For the data that follows, print the line with "贵州双龙航空港经济区招聘生产工人、质检员 !包食宿!", the line with "and a wet bar", and all lines between them, exactly as they stand. Omit pictures and add nothing.

* Records provided
######
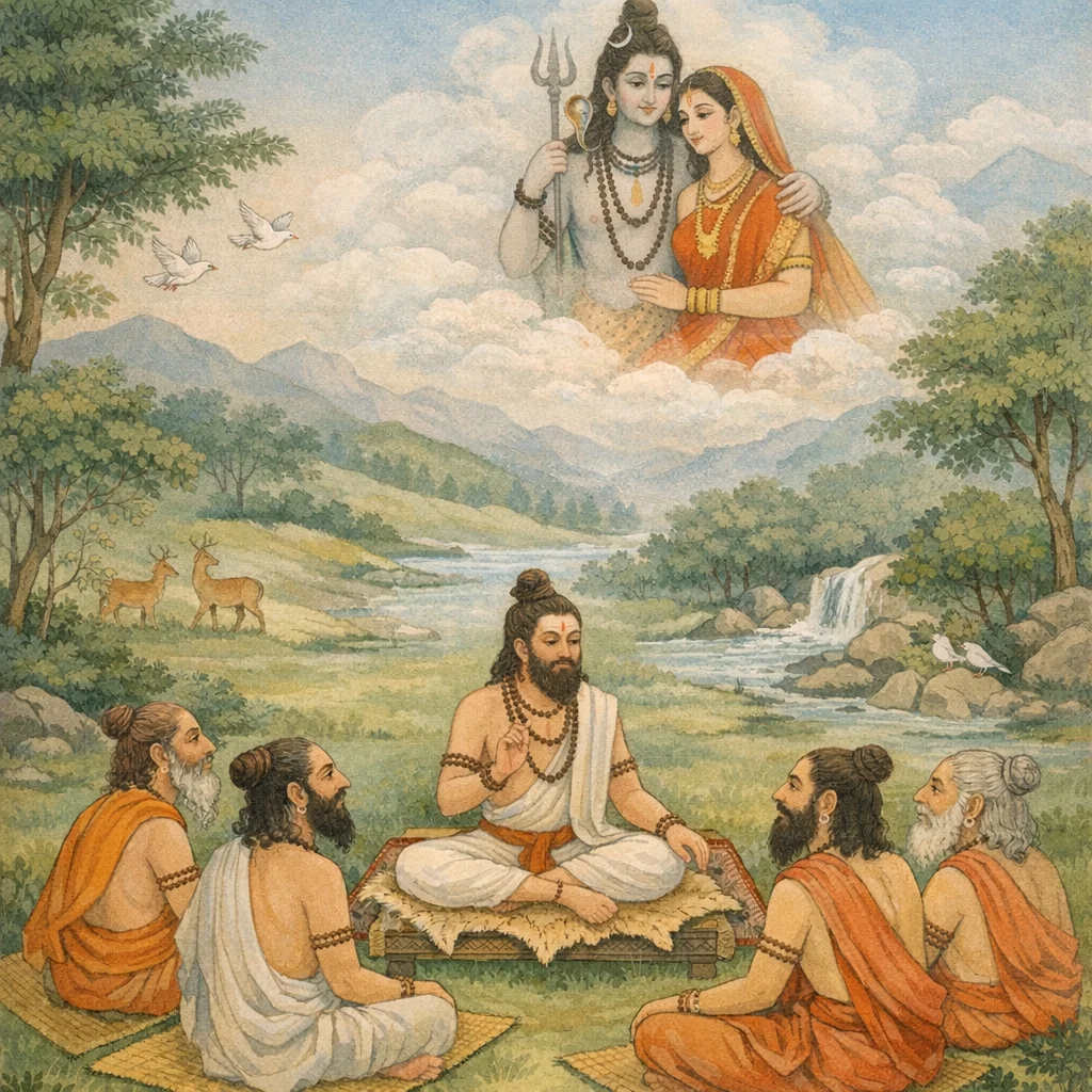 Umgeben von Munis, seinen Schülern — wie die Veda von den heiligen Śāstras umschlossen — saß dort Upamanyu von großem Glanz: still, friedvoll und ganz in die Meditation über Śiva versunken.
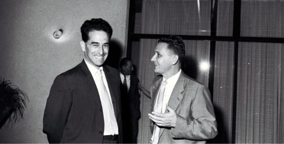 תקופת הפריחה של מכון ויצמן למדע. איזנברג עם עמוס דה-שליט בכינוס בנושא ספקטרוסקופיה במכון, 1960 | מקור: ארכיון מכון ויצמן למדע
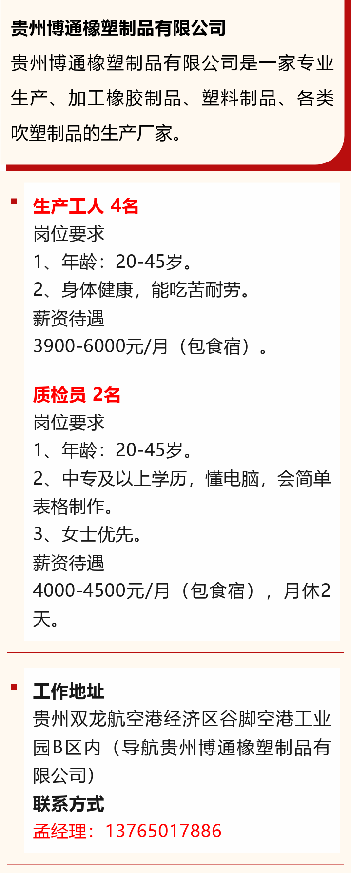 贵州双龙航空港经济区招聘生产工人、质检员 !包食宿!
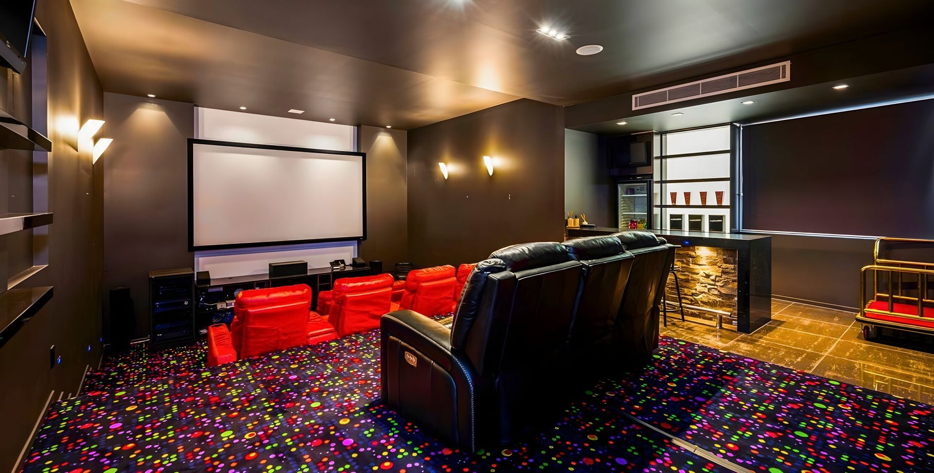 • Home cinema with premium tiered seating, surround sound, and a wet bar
######
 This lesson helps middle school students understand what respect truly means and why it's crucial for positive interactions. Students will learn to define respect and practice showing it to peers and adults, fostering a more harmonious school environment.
######
* Answer space
 贵州双龙航空港经济区招聘生产工人、质检员 !包食宿!
 • Home cinema with premium tiered seating, surround sound, and a wet bar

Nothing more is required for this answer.